Inductive prop : Type :=
| Eq : forall T, T -> T -> prop
| Not : prop -> prop
| And : prop -> prop -> prop
| Or : prop -> prop -> prop
| Forall : forall T, (T -> prop) -> prop
| Exists : forall T, (T -> prop) -> prop.

Fixpoint propDenote (p : prop) : Prop :=
  match p with
    | Eq _ x y => x = y
    | Not p => ~ (propDenote p)
    | And p1 p2 => propDenote p1 /\ propDenote p2
    | Or p1 p2 => propDenote p1 \/ propDenote p2
    | Forall _ f => forall x, propDenote (f x)
    | Exists _ f => exists x, propDenote (f x)
  end.

(** Unfortunately, there are other recursive functions that we might like to write but cannot.  One simple example is a function to count the number of constructors used to build a [prop].  To look inside a [Forall] or [Exists], we need to look inside the quantifier's body, which is represented as a function.  In Gallina, as in most statically-typed functional languages, the only way to interact with a function is to call it.  We have no hope of doing that here; the domain of the function in question has an arbitary type [T], so [T] may even be uninhabited.  If we had a universal way of constructing values to look inside functions, we would have uncovered a consistency bug in Coq!

   We are still suffering from the possibility of writing exotic terms, such as this example: *)

Example true_prop := Eq 1 1.
Example false_prop := Not true_prop.
Example exotic_prop := Forall (fun b : bool => if b then true_prop else false_prop).

(** Thus, the idea of a uniform way of looking inside a binder to find another well-defined [prop] is hopelessly doomed.

   A clever HOAS variant called %\textit{%#<i>#weak HOAS#</i>#%}% manages to rule out exotic terms in Coq.  Here is a weak HOAS version of untyped lambda terms. *)

Parameter var : Set.

Inductive uexp : Set :=
| UVar : var -> uexp
| UApp : uexp -> uexp -> uexp
| UAbs : (var -> uexp) -> uexp.

(** We postulate the existence of some set [var] of variables, and variable nodes appear explicitly in our syntax.  A binder is represented as a function over %\textit{%#<i>#variables#</i>#%}%, rather than as a function over %\textit{%#<i>#expressions#</i>#%}%.  This breaks the cycle that led Coq to reject the literal HOAS definition.  It is easy to encode our previous example, $\lambda x. \; x \; x$#<tt>\x. x x</tt>#: *)

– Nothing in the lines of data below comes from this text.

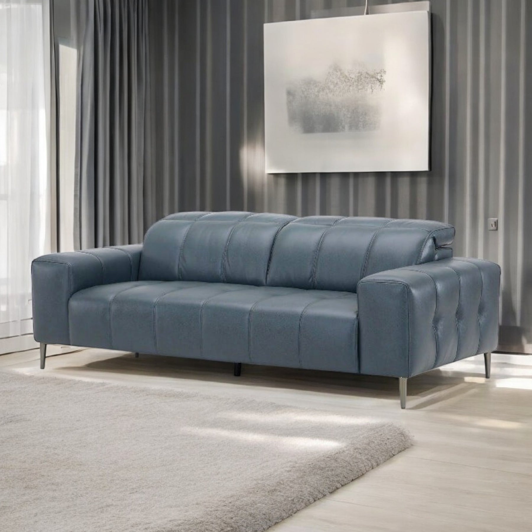 Bring comfort to your home with the Chelsea 2-Seater Leather Lounge, designed for modern Australian living. This piece features medium back support and refined linear tufting, ensuring both style and ergonomic comfort. Its manual adjustable headrests allow you to customize the neck support for optimal comfort and relaxation. Raised legs allow for easy cleaning underneath, making it as practical as it is beautiful. This sofa is available in premium quality leather, offered in a variety of colours to suit your personal style. Perfectly sized for central living rooms and small apartments, the Chelsea 2 Seater seamlessly blends contemporary aesthetics with everyday convenience.
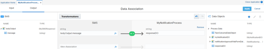 - Now, click again on the SMS action -> burger menu -> Open Data Association. Set the Request and Response Data association accordingly.
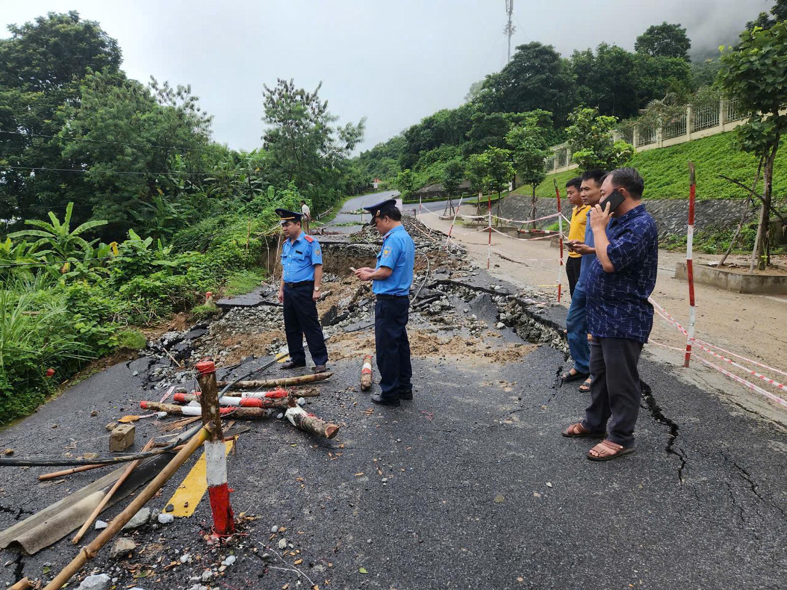 Thanh tra Sở GTVT tham gia đảm bảo ATGT trên tuyến Quốc lộ 15C bị sạt lở do mưa bão số 3 tại huyện Mường Lát, tỉnh Thanh Hoá. Ảnh: Hương Trà
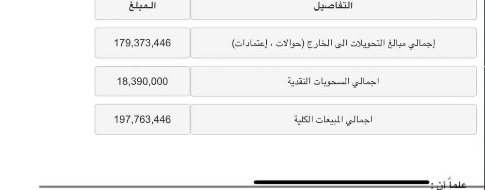 وطبقًا للجدول، فإن "معظم المبيعات من الدولار ذهبت لتعزيز الأرصدة في الخارج على شكل (حوالات، اعتمادات) وبواقع 189 مليوناً و602 ألفاً و703 دولاراً، فيما ذهبت البقية البالغة 20 مليوناً و 931 الف دولار على شكل مبيعات نقدية".
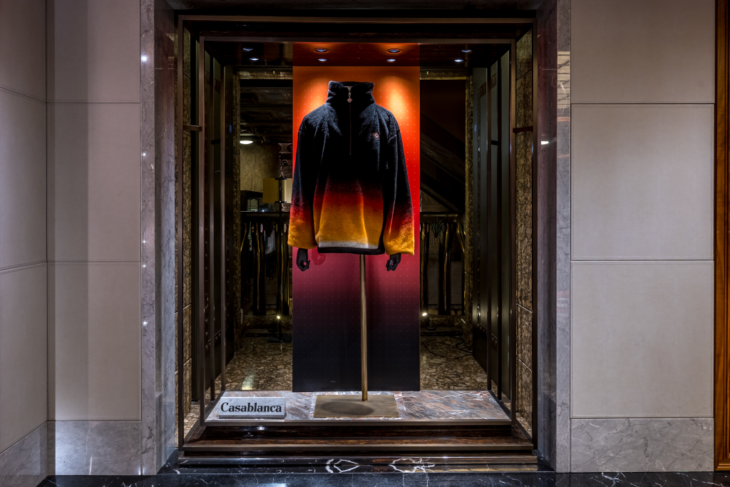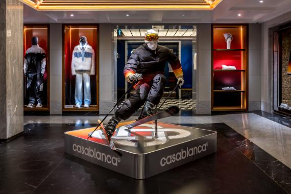 The pop-up highlights Casablanca’s longstanding spirit of escapism and refined luxury, presenting ski apparel and equipment that balance innovation with elegance. Technical development, in-house production, and installation were expertly executed by the B_RD team, ensuring the concept’s seamless translation from vision to reality.
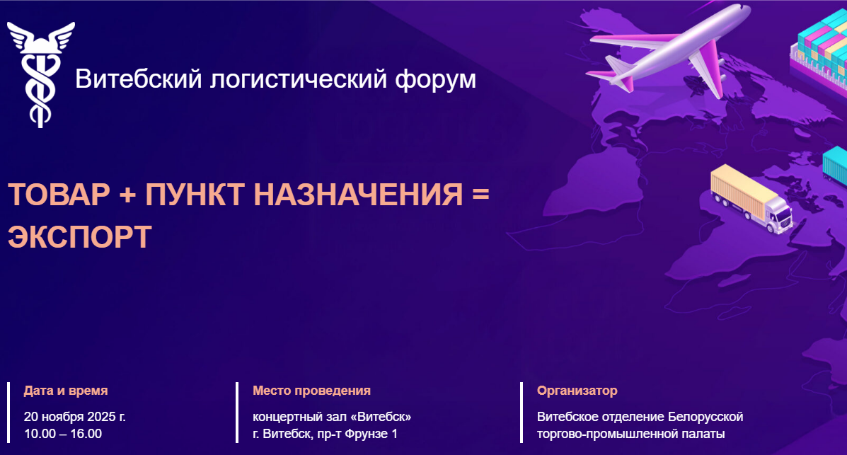 Витебское отделение Белорусской торгово-промышленной палаты 20 ноября 2025 года в г. Витебск (концертный зал "Витебск", пр-т Фрунзе 1) организует Витебский логистический форум "Товар + пункт назначения = экспорт"
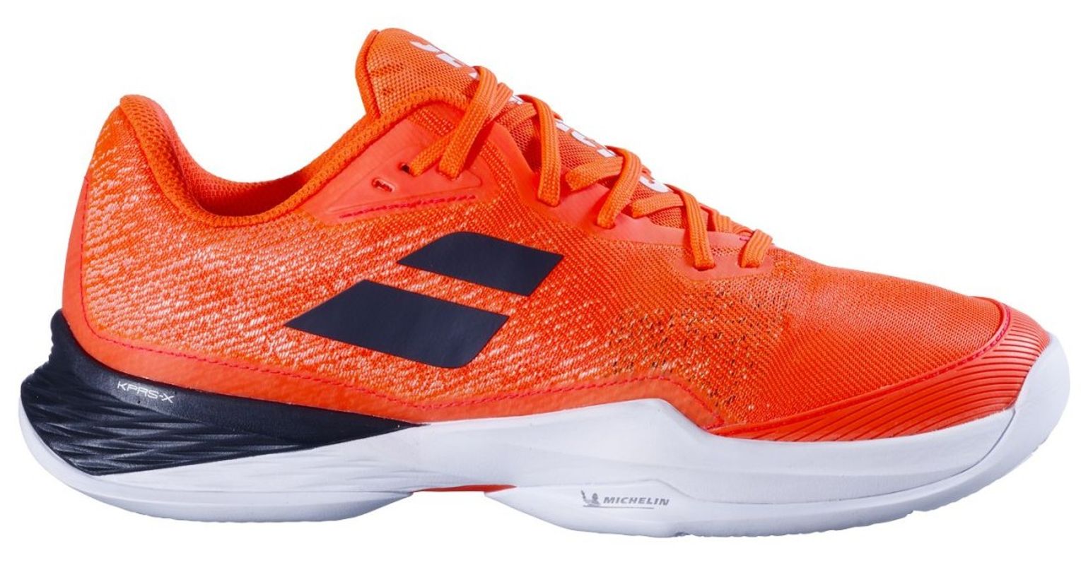 Теннисные кроссовки Babolat Jet Mach 3 Clay - strike red/white. Babolat Jet Mach 3 — одна из абсолютно самых легких моделей обуви на теннисном рынке. Мягкий сетчатый верх обеспечивает хорошую воздухопроницаемость. Еще большая стабилизация и комфорт использования благодаря технологии KPRS-X, расположенной под пяткой. Верхняя часть кроссовка выполнена из одного куска. Технология Matryx 2.0 делает кроссовок более прочным, чем его предшественник. Полиамидные волокна соединены с Kevlar, а затем усилены монофиламентными волокнами, что в итоге дает чрезвычайно долговечный материал и фантастическую поддержку стопы. Дополнительная стабилизация за счет выступа подошвы наружу в виде так называемой стопки. Более толстая внешняя подошва Michelin обеспечивает отличное сцепление. Это идеальный выбор для игроков, ищущих скорость и комфорт. Кроссовок с подошвой, предназначенной для игры на грунтовых кортах.
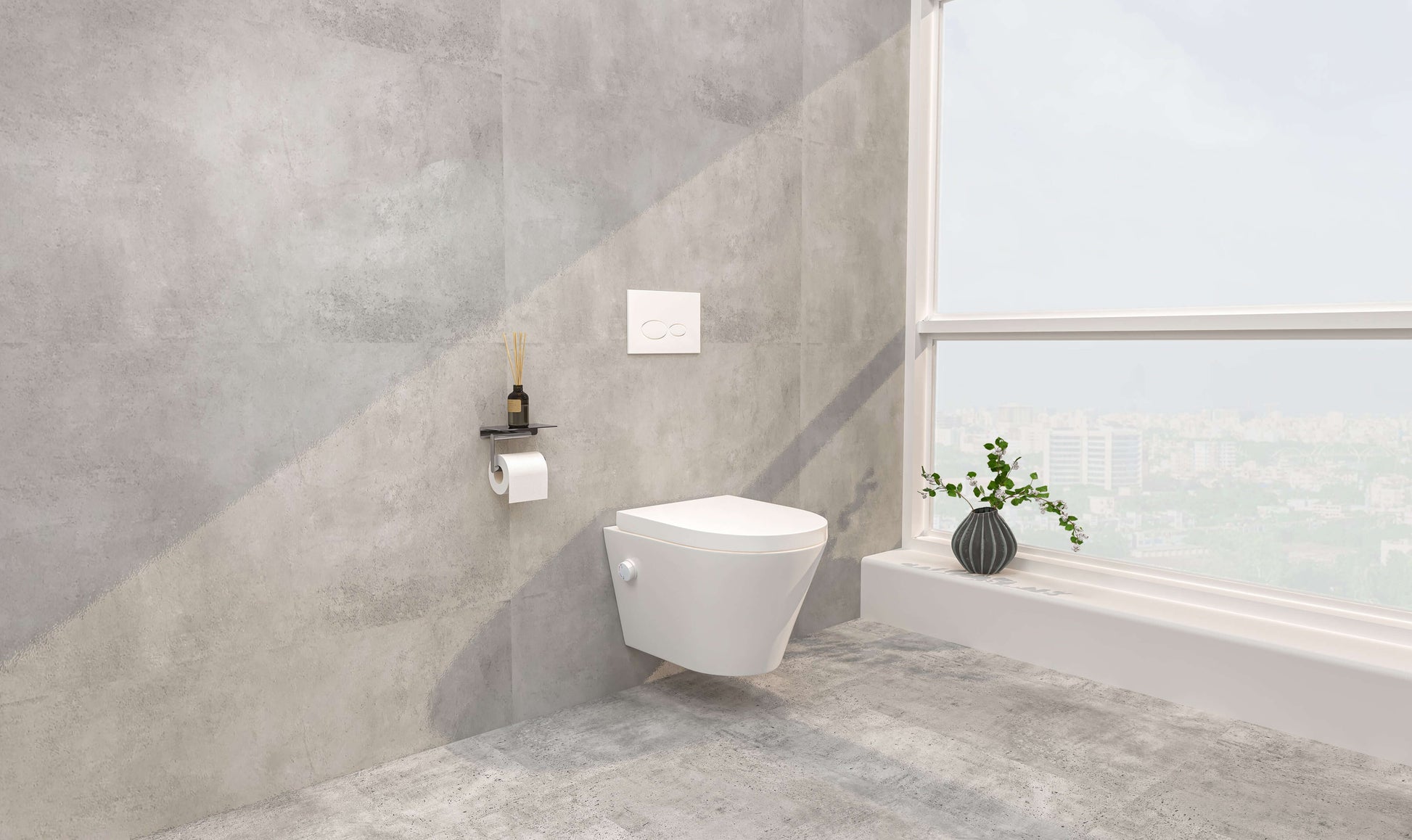 Vesta wandtoilette randlos mit Bidetarmatur warm kalt Wasser mit Vesta Toilettensitz matt weiß

Example self_app := UAbs (fun x => UApp (UVar x) (UVar x)).

(** What about exotic terms?  The problems they caused earlier came from the fact that Gallina is expressive enough to allow us to perform case analysis on the types we used as the domains of binder functions.  With weak HOAS, we use an abstract type [var] as the domain.  Since we assume the existence of no functions for deconstructing [var]s, Coq's type soundness enforces that no Gallina term of type [uexp] can take different values depending on the value of a [var] available in the typing context, %\textit{%#<i>#except#</i>#%}% by incorporating those variables into a [uexp] value in a legal way.

   Weak HOAS retains the other disadvantage of our previous example: it is hard to write recursive functions that deconstruct terms.  As with the previous example, some functions %\textit{%#<i>#are#</i>#%}% implementable.  For instance, we can write a function to reverse the function and argument positions of every [UApp] node. *)

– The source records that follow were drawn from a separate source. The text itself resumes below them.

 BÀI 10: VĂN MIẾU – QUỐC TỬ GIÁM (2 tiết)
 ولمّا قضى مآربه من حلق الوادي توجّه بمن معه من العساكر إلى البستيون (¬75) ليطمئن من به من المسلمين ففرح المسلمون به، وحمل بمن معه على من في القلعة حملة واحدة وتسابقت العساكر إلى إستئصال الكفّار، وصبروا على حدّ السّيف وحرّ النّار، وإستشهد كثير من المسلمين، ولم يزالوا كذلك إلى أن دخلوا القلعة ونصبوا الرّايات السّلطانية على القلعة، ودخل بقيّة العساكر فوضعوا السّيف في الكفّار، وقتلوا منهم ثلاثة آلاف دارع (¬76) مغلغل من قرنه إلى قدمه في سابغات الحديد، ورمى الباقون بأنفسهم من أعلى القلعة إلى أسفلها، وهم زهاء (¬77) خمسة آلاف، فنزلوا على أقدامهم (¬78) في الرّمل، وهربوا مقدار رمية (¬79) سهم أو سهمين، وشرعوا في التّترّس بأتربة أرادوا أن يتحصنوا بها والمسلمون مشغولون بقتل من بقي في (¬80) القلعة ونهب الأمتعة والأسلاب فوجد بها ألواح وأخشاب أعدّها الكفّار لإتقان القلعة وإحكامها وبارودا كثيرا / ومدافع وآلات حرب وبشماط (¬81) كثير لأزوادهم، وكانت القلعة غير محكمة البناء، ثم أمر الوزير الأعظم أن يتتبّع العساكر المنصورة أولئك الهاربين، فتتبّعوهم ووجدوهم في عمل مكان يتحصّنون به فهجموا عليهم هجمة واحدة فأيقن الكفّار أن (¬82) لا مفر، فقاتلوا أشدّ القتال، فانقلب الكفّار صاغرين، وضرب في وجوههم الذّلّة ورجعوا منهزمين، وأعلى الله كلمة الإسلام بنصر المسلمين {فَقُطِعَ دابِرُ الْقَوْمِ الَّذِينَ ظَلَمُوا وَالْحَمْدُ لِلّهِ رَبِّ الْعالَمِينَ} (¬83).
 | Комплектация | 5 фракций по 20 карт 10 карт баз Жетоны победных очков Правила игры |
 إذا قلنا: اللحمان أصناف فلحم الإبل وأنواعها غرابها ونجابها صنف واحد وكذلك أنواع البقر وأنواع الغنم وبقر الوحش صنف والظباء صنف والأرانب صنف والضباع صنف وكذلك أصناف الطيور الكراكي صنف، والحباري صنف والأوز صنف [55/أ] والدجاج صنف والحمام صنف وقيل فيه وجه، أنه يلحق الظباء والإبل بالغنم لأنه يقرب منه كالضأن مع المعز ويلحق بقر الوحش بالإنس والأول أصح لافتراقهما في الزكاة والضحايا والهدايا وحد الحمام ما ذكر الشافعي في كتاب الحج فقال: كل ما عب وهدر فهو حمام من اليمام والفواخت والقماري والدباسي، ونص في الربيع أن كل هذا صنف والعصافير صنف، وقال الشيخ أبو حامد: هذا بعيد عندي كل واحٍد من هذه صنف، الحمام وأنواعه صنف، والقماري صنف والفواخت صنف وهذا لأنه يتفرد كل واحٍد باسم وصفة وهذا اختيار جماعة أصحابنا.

Fixpoint swap (e : uexp) : uexp :=
  match e with
    | UVar _ => e
    | UApp e1 e2 => UApp (swap e2) (swap e1)
    | UAbs e1 => UAbs (fun x => swap (e1 x))
  end.

(** However, it is still impossible to write a function to compute the size of an expression.  We would still need to manufacture a value of type [var] to peer under a binder, and that is impossible, because [var] is an abstract type. *)


(** * Parametric HOAS *)

(** In the context of Haskell, Washburn and Weirich introduced a technique called %\emph{%#<i>#parametric HOAS#</i>#%}%, or PHOAS.  By making a slight alteration in the spirit of weak HOAS, we arrive at an encoding that addresses all three of the complaints above: the encoding is legal in Coq, exotic terms are impossible, and it is possible to write any syntax-deconstructing function that we can write with first-order encodings.  The last of these advantages is not even present with HOAS in Twelf.  In a sense, we receive it in exchange for giving up a free implementation of capture-avoiding substitution.

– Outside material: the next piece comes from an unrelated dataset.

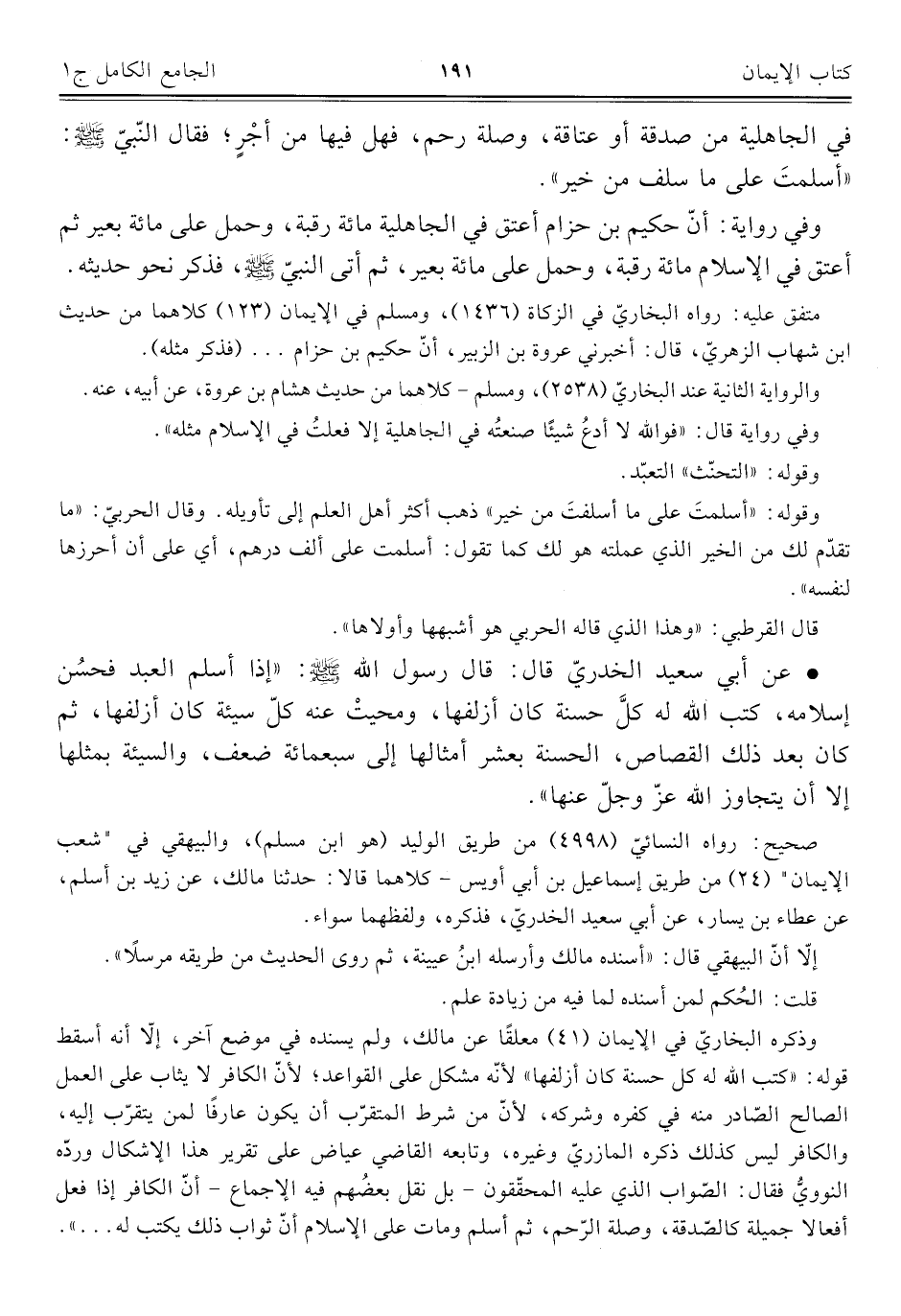 في الجاهليّة من صدقة أو عتاقة، وصلة رحم، فهل فيها من أجْرٍ؛ فقال النّبيّ -صلى اللَّه عليه وسلم-: "أسلمتَ على ما سلف من خير".

   The first step is to change the weak HOAS type so that [var] is a variable inside a section, rather than a global parameter. *)

Reset uexp.

Section uexp.
  Variable var : Set.

  Inductive uexp : Set :=
  | UVar : var -> uexp
  | UApp : uexp -> uexp -> uexp
  | UAbs : (var -> uexp) -> uexp.
End uexp.

(** Next, we can encapsulate choices of [var] inside a polymorphic function type. *)

Definition Uexp := forall var, uexp var.

(** This type [Uexp] is our final, exotic-term-free representation of lambda terms.  Inside the body of a [Uexp] function, [var] values may not be deconstructed illegaly, for much the same reason as with weak HOAS.  We simply trade an abstract type for parametric polymorphism.

   Our running example $\lambda x. \; x \; x$#<tt>\x. x x</tt># is easily expressed: *)

Example self_app : Uexp := fun var => UAbs (var := var)
  (fun x : var => UApp (var := var) (UVar (var := var) x) (UVar (var := var) x)).

(** Including all mentions of [var] explicitly helps clarify what is happening here, but it is convenient to let Coq's local type inference fill in these occurrences for us. *)

Example self_app' : Uexp := fun _ => UAbs (fun x => UApp (UVar x) (UVar x)).

(** We can go further and apply the PHOAS technique to dependently-typed ASTs, where Gallina typing guarantees that only well-typed terms can be represented.  For the rest of this chapter, we consider the example of simply-typed lambda calculus with natural numbers and addition.  We start with a conventional definition of the type language. *)

Inductive type : Type :=
| Nat : type
| Arrow : type -> type -> type.

Infix "-->" := Arrow (right associativity, at level 60).

(** Our definition of the expression type follows the definition for untyped lambda calculus, with one important change.  Now our section variable [var] is not just a type.  Rather, it is a %\textit{%#<i>#function#</i>#%}% returning types.  The idea is that a variable of object language type [t] is represented by a [var t].  Note how this enables us to avoid indexing the [exp] type with a representation of typing contexts. *)

Section exp.
  Variable var : type -> Type.

  Inductive exp : type -> Type :=
  | Const' : nat -> exp Nat
  | Plus' : exp Nat -> exp Nat -> exp Nat

  | Var : forall t, var t -> exp t
  | App' : forall dom ran, exp (dom --> ran) -> exp dom -> exp ran
  | Abs' : forall dom ran, (var dom -> exp ran) -> exp (dom --> ran).
End exp.

Implicit Arguments Const' [var].
Implicit Arguments Var [var t].
Implicit Arguments Abs' [var dom ran].

(** Our final representation type wraps [exp] as before. *)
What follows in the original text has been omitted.